Take a look, and get a rough sense of which variables (with high scores) are associated with a TRUE diagnosis of breast cancer.
In the data Viewer, you can click on the variable `diagnosis` to sort observations to look at the predictor variable values for TRUE and FALSE cases.
Clicking on the `diagnosis` variable again will sort the observations in the reverse order.
### Check Your Progress
```{r, echo=FALSE}
opts1 <- c('200', answer = '683', '811')
opts2 <- c('1-2', answer = '1-10', '0-400')
```
1. How many observations are there in the breast cancer dataset?
`r mcq(opts1)`
2. What is the range of the `mitoses` variable?
`r mcq(opts2)`
## Building a FFTrees Model for Breast Cancer
We will build a simple tree model to predict the diagnosis of breast cancer from the features of the cell nuclei.
Let's walk through the code block below, which builds a tree model using the `FFTrees` function from the `FFTrees` package.
1. We will name the resulting model `breast.fft`, and use the assignment arrow to make this happen.
2. We will use the `FFTrees` function to build the model.
3. We will specify the first argument as the formula for the model, which is `diagnosis ~ .`, meaning we will predict the diagnosis from *all* other variables in the dataset.
4. We will specify the second argument as the data, which is `breastcancer`.
5. We will specify the `train.p` argument as 0.5, which means we will randomly use half of the data to train the model and half to test the model.
6. We will specify the `main` argument as "Breast Cancer", which will be the title of the plot.
7. We will specify the `decision.labels` argument as `c("Healthy", "Disease")`, which will be the labels for the outcome variable in the plot.

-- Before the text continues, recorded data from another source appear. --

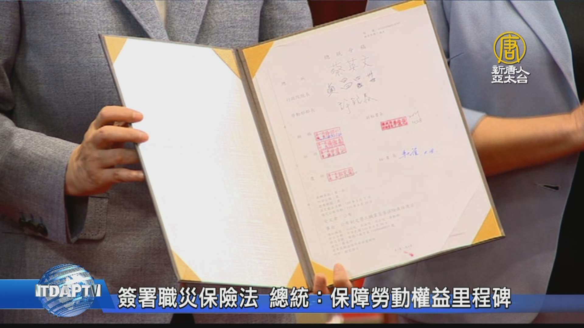 【新唐人亞太台 2021 年 04 月 30 日訊】立法院日前三讀通過《勞工職業災害保險及保護法》,總統蔡英文今天(30日)簽署法案,她期許勞動部在職災保險法上路後,積極落實法律,當勞工的靠山。
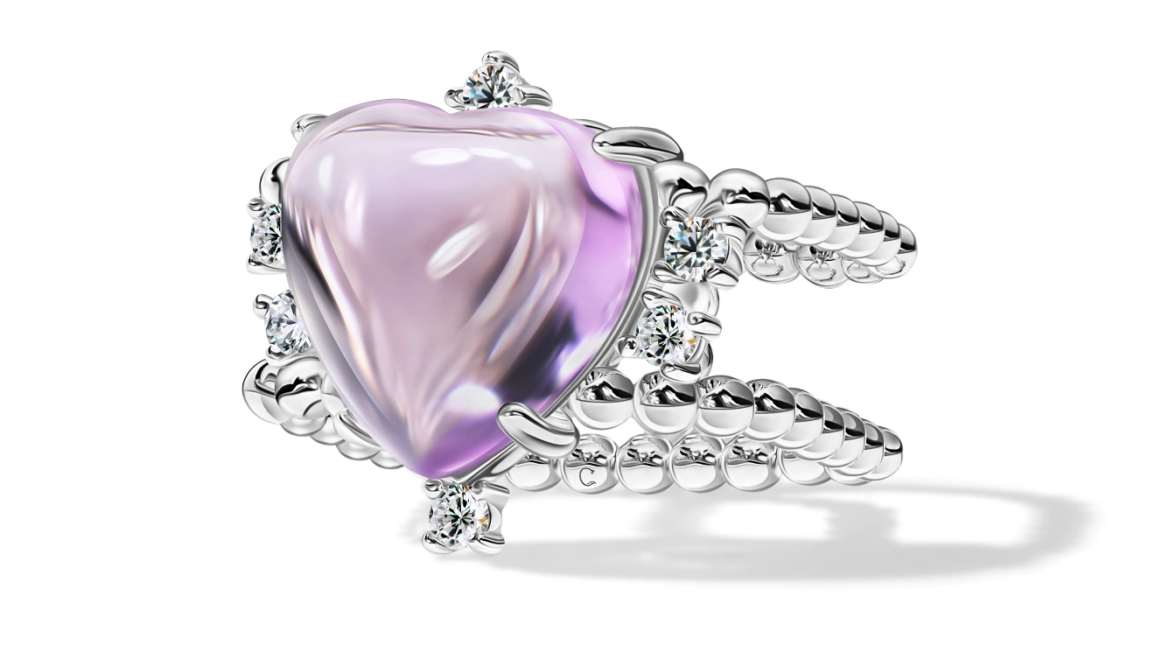 Этим кольцом бренд Panacea Jewelry Lab предлагает признаться в любви. Две дорожки серебряных шариков создают ажурную конструкцию украшения, в сверху его венчает лавандовый аметист-сердце. В пару к такому украшению будет достаточно даже базового черного платья, потому что крупная огранка и небанальный оттенок камня притягивают взгляд.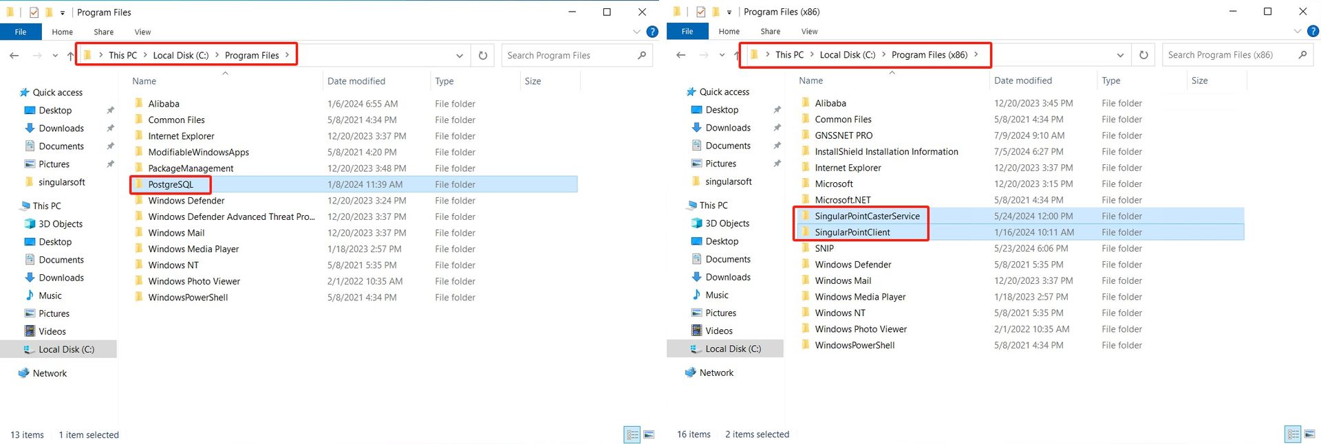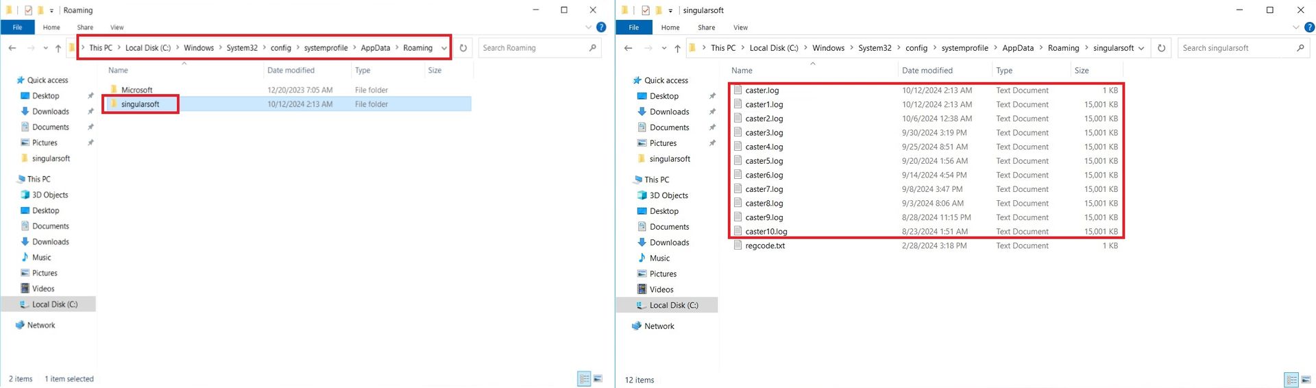 Navega hasta el Administrador de archivos de tu computadora y localiza las carpetas relacionadas con Singular Caster. Elimine todas las carpetas de archivos relevantes de la siguiente manera, lo cual es necesario para la reinstalación.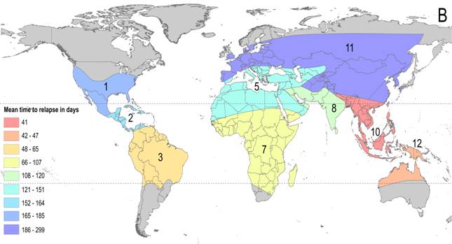 44.Katherine E Battle, Markku S Karhunen, Samir Bhattet al., (2014). Geographical variation inPlasmodium vivaxrelapse.Malaria Journal2014, 13:144.

This works because the underlying value for FALSE is 0, and the underlying value for TRUE is 1, so that these are in the correct order.
```{r, message=FALSE, warning=FALSE}
set.seed(123)
# the seed is used to get reproducible outcomes, as the random split into train and test will give slightly different results each time.
# note we are not using the cost argument - we will use the default for this.
breast.fft <- FFTrees(formula = diagnosis ~ .,
data = breastcancer,
train.p = 0.5,
main = "Breast Cancer",
decision.labels = c("Healthy", "Disease"))
```
Now copy this code block and run it in your local RStudio instance.
This should rank the predictor variables (`cues`), train some FFT models on the training data, rank them by their performance on the test data, and give you a short printout.
You should also see a new assigned object, `breast.fft` in your Environment pane.
To see the fft object, copy and run the code below:
```{r}
breast.fft
```
This prints out the (default) assigned cost of 1 for false positives (fa for false alarm) and false negatives (mi for miss), the definition of the best tree model (with 2 nodes or branch points), the best tree model's performance on the training data, and some accuracy statistics.
Now let's plot how this model does on the test data.
Copy and run the code below:
```{r}
plot(breast.fft, data = "test")
```
You may need to click the Zoom button at the top left of your Plots pane to get a good view.
This shows us that among the 341 randomly selected test cases (342 used for training), only 35% had TRUE breast cancer.
Then it shows model 1, which has 2 nodes, splitting on uniformity of cell size below 3, and uniformity of cell shape below 3.
You can see how each split 'purifies' the outcomes - never perfectly, but pretty well.
There is a confusion matrix at the lower left to show us false negatives and false positives - also known as hits, misses, false alarms, and correct rejections.
The model (on the Testing Set) has a sensitivity of 0.89, specificity of 0.96, and accuracy of 0.93.
The `bacc` variable is balanced accuracy, which is `sens * 0.5 + spec * 0.5`.
The mcu is `mean cues used` per observation, and pci is `percent of cues ignored`.
There is an ROC curve at the lower right comparing the model to alternative types of model, including CART, logistic regression, random forest, and support vector machine models.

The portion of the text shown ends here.